(Records drawn from a dataset)
-------

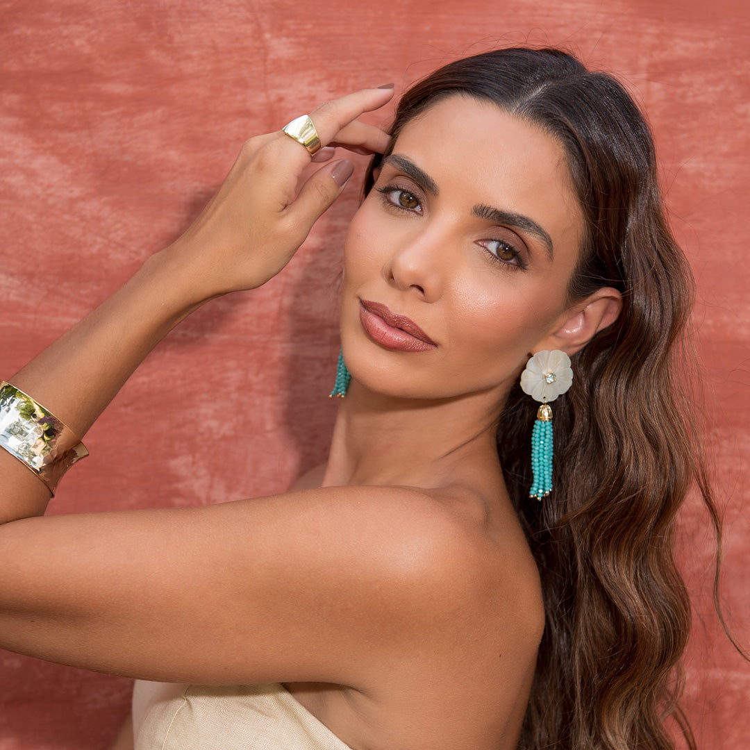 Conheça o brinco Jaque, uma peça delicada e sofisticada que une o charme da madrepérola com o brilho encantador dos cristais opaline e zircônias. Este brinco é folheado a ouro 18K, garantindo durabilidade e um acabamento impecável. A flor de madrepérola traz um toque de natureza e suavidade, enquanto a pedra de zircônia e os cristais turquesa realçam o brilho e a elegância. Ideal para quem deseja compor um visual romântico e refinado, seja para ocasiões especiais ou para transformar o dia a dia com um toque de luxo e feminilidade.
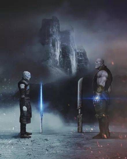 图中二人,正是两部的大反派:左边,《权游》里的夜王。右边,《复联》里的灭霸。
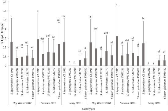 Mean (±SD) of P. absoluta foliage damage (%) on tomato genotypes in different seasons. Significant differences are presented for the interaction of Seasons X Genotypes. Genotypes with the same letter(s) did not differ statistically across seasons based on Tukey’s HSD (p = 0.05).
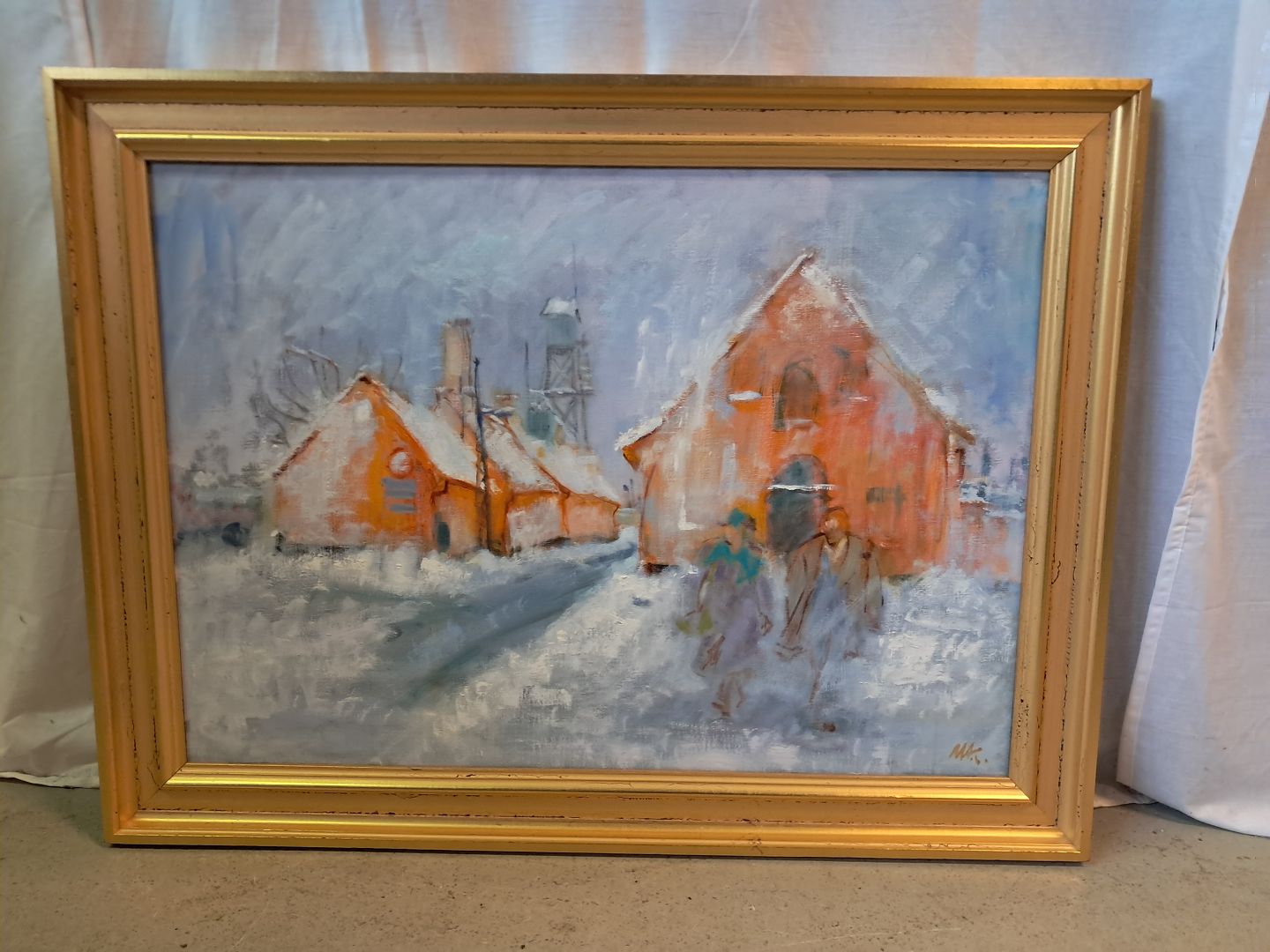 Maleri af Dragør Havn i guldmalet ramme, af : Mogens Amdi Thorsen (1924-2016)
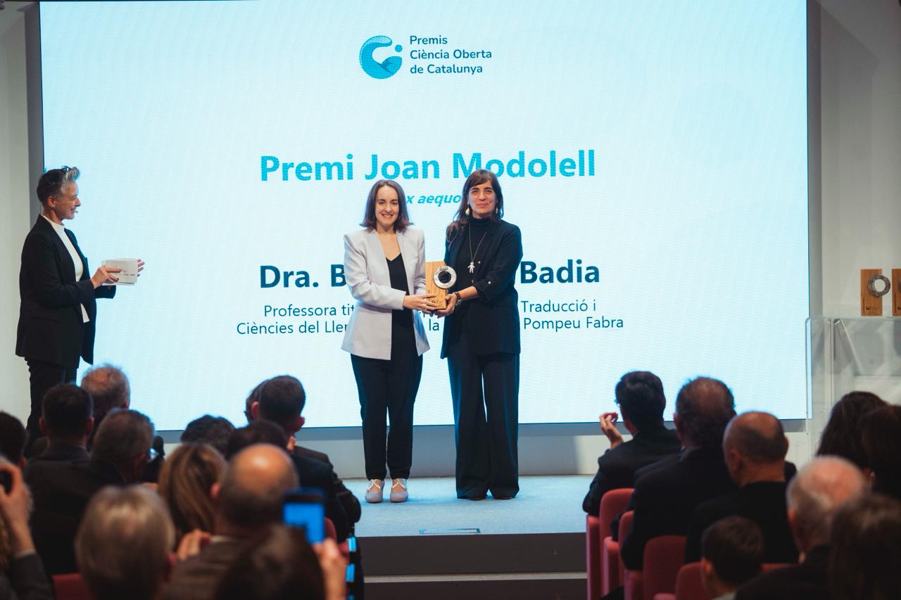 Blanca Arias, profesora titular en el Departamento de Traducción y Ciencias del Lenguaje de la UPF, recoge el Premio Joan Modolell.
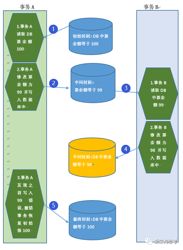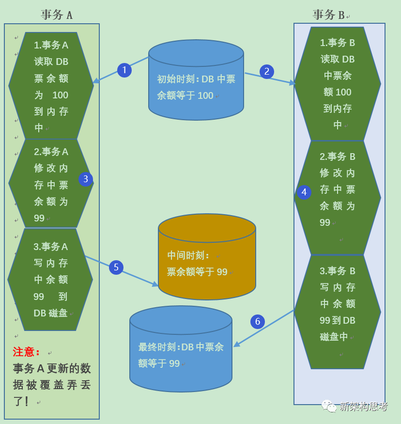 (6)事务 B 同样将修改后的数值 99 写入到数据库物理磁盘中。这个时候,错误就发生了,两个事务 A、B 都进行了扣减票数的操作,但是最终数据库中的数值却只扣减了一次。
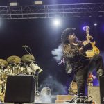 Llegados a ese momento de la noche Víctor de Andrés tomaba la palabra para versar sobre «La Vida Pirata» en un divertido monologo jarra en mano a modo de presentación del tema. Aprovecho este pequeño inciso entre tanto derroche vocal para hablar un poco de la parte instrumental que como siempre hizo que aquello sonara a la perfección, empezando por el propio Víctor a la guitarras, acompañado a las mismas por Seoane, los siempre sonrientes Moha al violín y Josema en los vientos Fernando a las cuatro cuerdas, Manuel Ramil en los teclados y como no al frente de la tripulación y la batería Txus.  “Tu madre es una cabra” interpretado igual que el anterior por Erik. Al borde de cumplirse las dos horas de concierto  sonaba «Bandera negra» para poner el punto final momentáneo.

-------

**About this task**. Would you please repeat all the data word for word, but without the pictures?

**Exercise answer**.
 Conheça o brinco Jaque, uma peça delicada e sofisticada que une o charme da madrepérola com o brilho encantador dos cristais opaline e zircônias. Este brinco é folheado a ouro 18K, garantindo durabilidade e um acabamento impecável. A flor de madrepérola traz um toque de natureza e suavidade, enquanto a pedra de zircônia e os cristais turquesa realçam o brilho e a elegância. Ideal para quem deseja compor um visual romântico e refinado, seja para ocasiões especiais ou para transformar o dia a dia com um toque de luxo e feminilidade.
 图中二人,正是两部的大反派:左边,《权游》里的夜王。右边,《复联》里的灭霸。
 Mean (±SD) of P. absoluta foliage damage (%) on tomato genotypes in different seasons. Significant differences are presented for the interaction of Seasons X Genotypes. Genotypes with the same letter(s) did not differ statistically across seasons based on Tukey’s HSD (p = 0.05).
 Maleri af Dragør Havn i guldmalet ramme, af : Mogens Amdi Thorsen (1924-2016)
 Blanca Arias, profesora titular en el Departamento de Traducción y Ciencias del Lenguaje de la UPF, recoge el Premio Joan Modolell.
 (6)事务 B 同样将修改后的数值 99 写入到数据库物理磁盘中。这个时候,错误就发生了,两个事务 A、B 都进行了扣减票数的操作,但是最终数据库中的数值却只扣减了一次。
 Llegados a ese momento de la noche Víctor de Andrés tomaba la palabra para versar sobre «La Vida Pirata» en un divertido monologo jarra en mano a modo de presentación del tema. Aprovecho este pequeño inciso entre tanto derroche vocal para hablar un poco de la parte instrumental que como siempre hizo que aquello sonara a la perfección, empezando por el propio Víctor a la guitarras, acompañado a las mismas por Seoane, los siempre sonrientes Moha al violín y Josema en los vientos Fernando a las cuatro cuerdas, Manuel Ramil en los teclados y como no al frente de la tripulación y la batería Txus.  “Tu madre es una cabra” interpretado igual que el anterior por Erik. Al borde de cumplirse las dos horas de concierto  sonaba «Bandera negra» para poner el punto final momentáneo.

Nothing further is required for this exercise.